Homeowners: ‘Did you apply for a mortgage forbearance due to the coronavirus,’ broken down by income
Response Less than $25,000 $25,000 – $34,999 $35,000 – $49,999 $50,000 – $74,999 $75,000 – $99,999 $100,000 or more
N/A (mortgage is paid off) 36.4% 21.5% 22.1% 16.0% 8.7% 12.4%
No 53.7% 59.8% 60.3% 66.0% 62.3% 53.0%
Yes 9.9% 18.7% 17.6% 18.1% 29.0% 34.5%

Note: Incomes are reported as gross 2019 household earnings.

Homeowners: ‘Were you approved for forbearance,’ broken down by income
Response Less than $25,000 $25,000 – $34,999 $35,000 – $49,999 $50,000 – $74,999 $75,000 – $99,999 $100,000 or more
Don’t know 0.0% 0.0% 16.7% 7.0% 6.7% 1.2%
No 25.0% 50.0% 29.2% 14.0% 16.7% 9.9%
Yes 75.0% 50.0% 54.2% 79.1% 76.7% 88.8%

Note: Incomes are reported as gross 2019 household earnings

Five percent of homeowners who were approved for forbearance said they wouldn’t have been able to make their mortgage payment without it. Furthermore, 26.2% of survey respondents said they could have paid their mortgages, but would’ve needed to skip other essential bills. And almost 70% said they could’ve made their payments, but just wanted a break from their normal payments.
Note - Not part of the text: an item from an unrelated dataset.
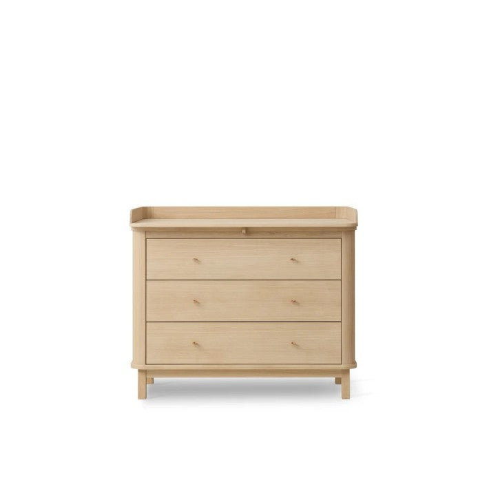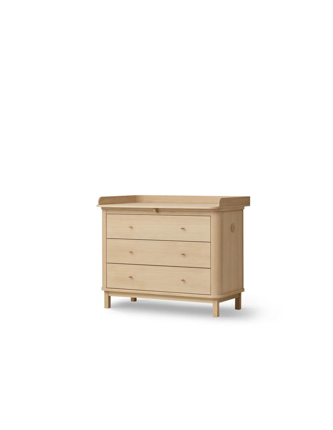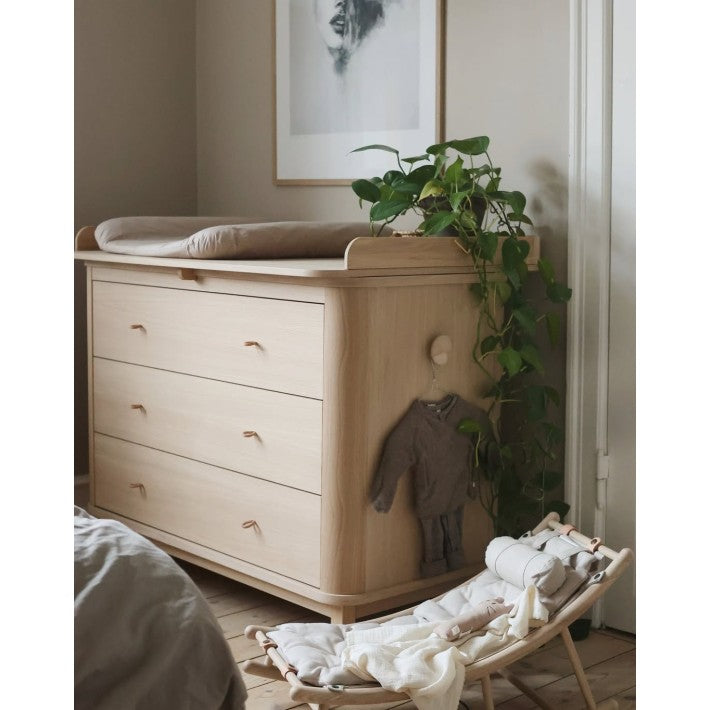 La cómoda Wood de Oliver Furniture con 3 cajones y acabado en roble es una elección elegante y práctica para el dormitorio del bebé. Su estética serena y sus líneas redondeadas aportan calidez natural a cualquier espacio, mientras su interior funcional garantiza orden sin renunciar a la belleza. Fabricada en Europa bajo estrictas normas de seguridad, es una pieza pensada para durar y acompañar.

Of all the generations, millennials and Gen Xers were more likely to say that they wanted a break from payments. Notably, 71% of respondents from these age groups said they could’ve made their payment but just wanted a pause. An average of only 4.3% of millennials and Gen Xers said they wouldn’t have been able to pay their mortgages without forbearance.

While fewer baby boomers applied for forbearance, as older homeowners are more likely to own their homes outright or are closer to paying off their mortgages, those who did were in much greater need. In fact, 20% of baby boomers said they needed forbearance to avoid missing their monthly payment.

Related resource Looking to refinance your mortgage? See today’s refinance rates.

Asking for help isn’t easy when you fall on hard times, and some homeowners may even feel embarrassed or guilty about it. Of those surveyed, 33.2% felt “a lot” of guilt about receiving forbearance, while 38.3% felt “a little” guilty. Generally, women were more likely to feel “not at all” guilty compared with men (43.8% versus 25.2%), while 70%  of baby boomers reported feeling no guilt, compared to 30% of millennials and 20.4% of Gen Xers.

Homeowners: ‘Do you feel guilty about receiving mortgage forbearance,’ broken down by gender and generation
Response Female Male Millennials Gen X Baby Boomers
A little 39.6% 37.4% 37.6% 38.9% 30.0%
A lot 16.7% 37.4% 32.5% 40.7% 0.0%
Not at all 43.8% 25.2% 29.9% 20.4% 70.0%

LendingTree commissioned Qualtrics to conduct an online survey of 1,305 homeowners. The survey was fielded April 28-May 1, 2020.
Generations are defined as the following age ranges in 2020:

• Millennials are aged 24 to 39
• Gen Xers are aged 40 to 54
• Baby boomers are aged 55 to 74

While LendingTree’s survey included homeowners who identified themselves as being from Generation Z and the silent generation, the sample sizes for both groups were so small that findings related to each group were not included in this study.

LendingTree research analyst Jacob Channel contributed to this study.